* **Exercise data**:
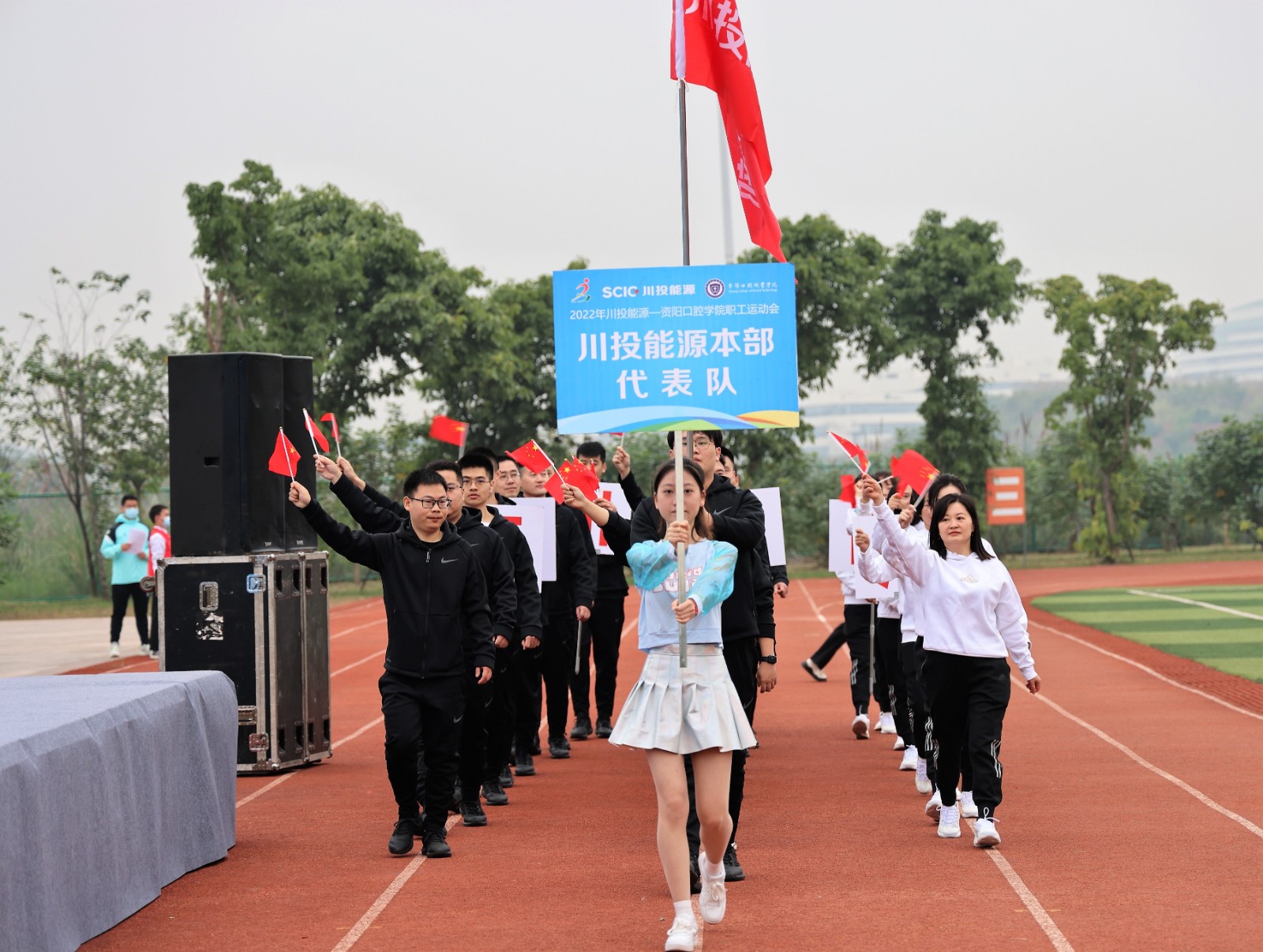 9時(shí)30分,楊洪宣布:“2022年川投能源-資陽(yáng)口腔職學(xué)院職工運(yùn)動(dòng)會(huì)開幕!”彩煙騰空而起,全場(chǎng)掌聲雷動(dòng),歡呼不斷,正式拉開比賽帷幕。
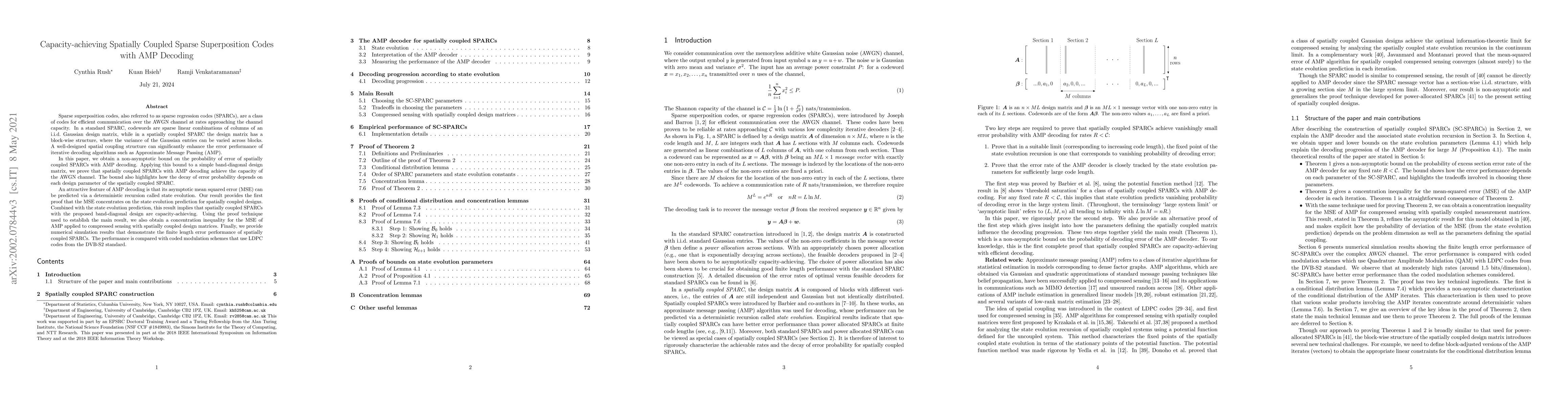 This paper investigates spatially coupled sparse superposition codes (SPARCs) for efficient communication over the AWGN channel, proving that these codes achieve the channel capacity with AMP decoding. It provides a non-asymptotic error probability bound and demonstrates that the asymptotic mean squared error aligns with state evolution predictions, confirming the capacity-achieving nature of the proposed band-diagonal design.
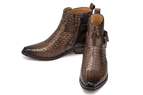 More information about CALTO Men's Invisible Height Increasing Elevator Shoes - Coffee Brown Premium Leather Woven Ankle Buckle Zipper Boots - 3.3 Inches Taller - K30525 - Size 7.5 D(M) US
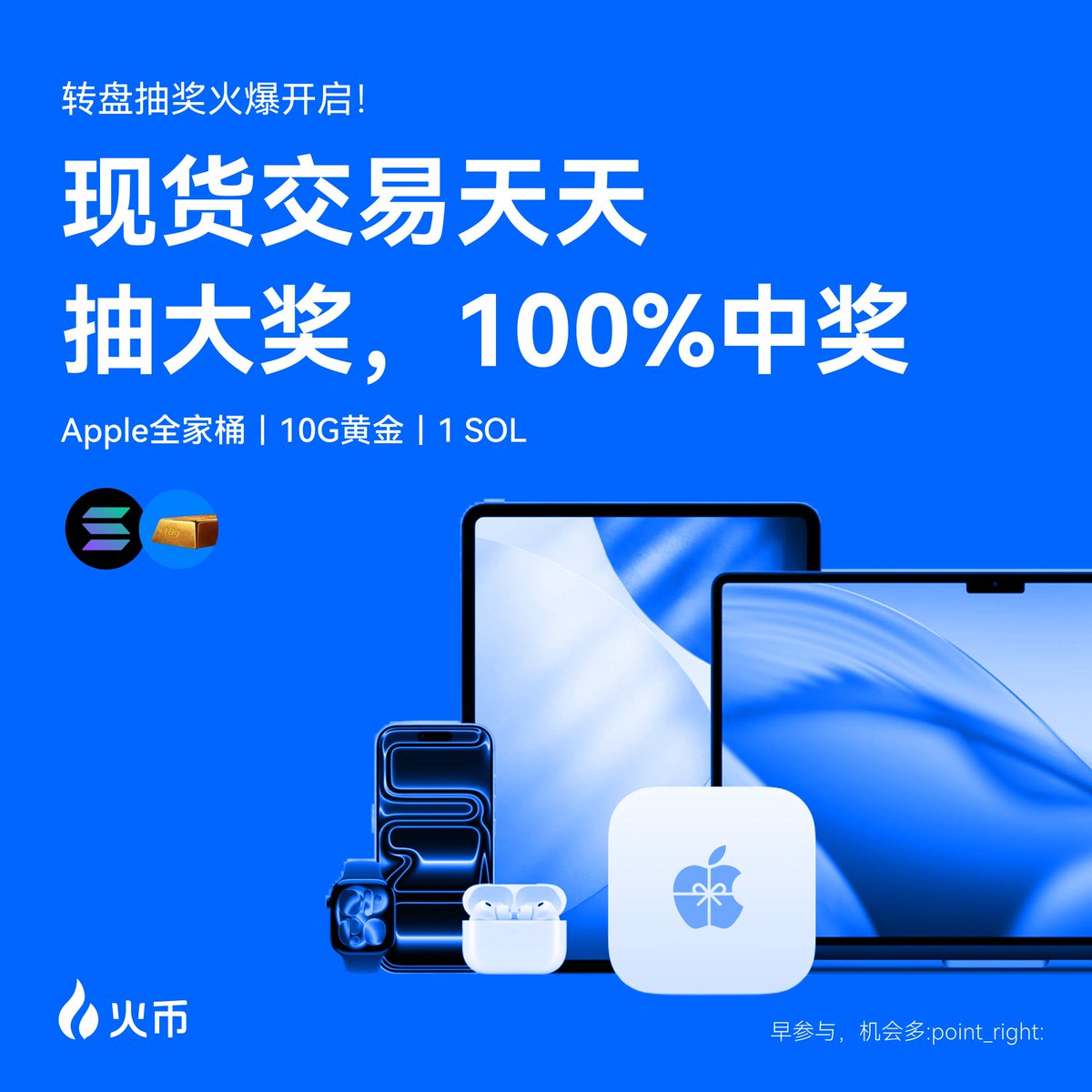 💥 100%中奖!【现货交易大转盘抽奖】又来咯! (对每天交易的火伴来说,这不是顺手的事儿嘛😎 🎁豪华奖池:Apple 全家桶、10g 黄金、 $SOL 等你来拿哦! 💡100%中奖!越早参与机会越多哦👇

* **Exercise description**: In the reply, every line of the material above is to be reproduced verbatim, and the images are to be left out.

* **Task response**:
 9時(shí)30分,楊洪宣布:“2022年川投能源-資陽(yáng)口腔職學(xué)院職工運(yùn)動(dòng)會(huì)開幕!”彩煙騰空而起,全場(chǎng)掌聲雷動(dòng),歡呼不斷,正式拉開比賽帷幕。
 This paper investigates spatially coupled sparse superposition codes (SPARCs) for efficient communication over the AWGN channel, proving that these codes achieve the channel capacity with AMP decoding. It provides a non-asymptotic error probability bound and demonstrates that the asymptotic mean squared error aligns with state evolution predictions, confirming the capacity-achieving nature of the proposed band-diagonal design.
 More information about CALTO Men's Invisible Height Increasing Elevator Shoes - Coffee Brown Premium Leather Woven Ankle Buckle Zipper Boots - 3.3 Inches Taller - K30525 - Size 7.5 D(M) US
 💥 100%中奖!【现货交易大转盘抽奖】又来咯! (对每天交易的火伴来说,这不是顺手的事儿嘛😎 🎁豪华奖池:Apple 全家桶、10g 黄金、 $SOL 等你来拿哦! 💡100%中奖!越早参与机会越多哦👇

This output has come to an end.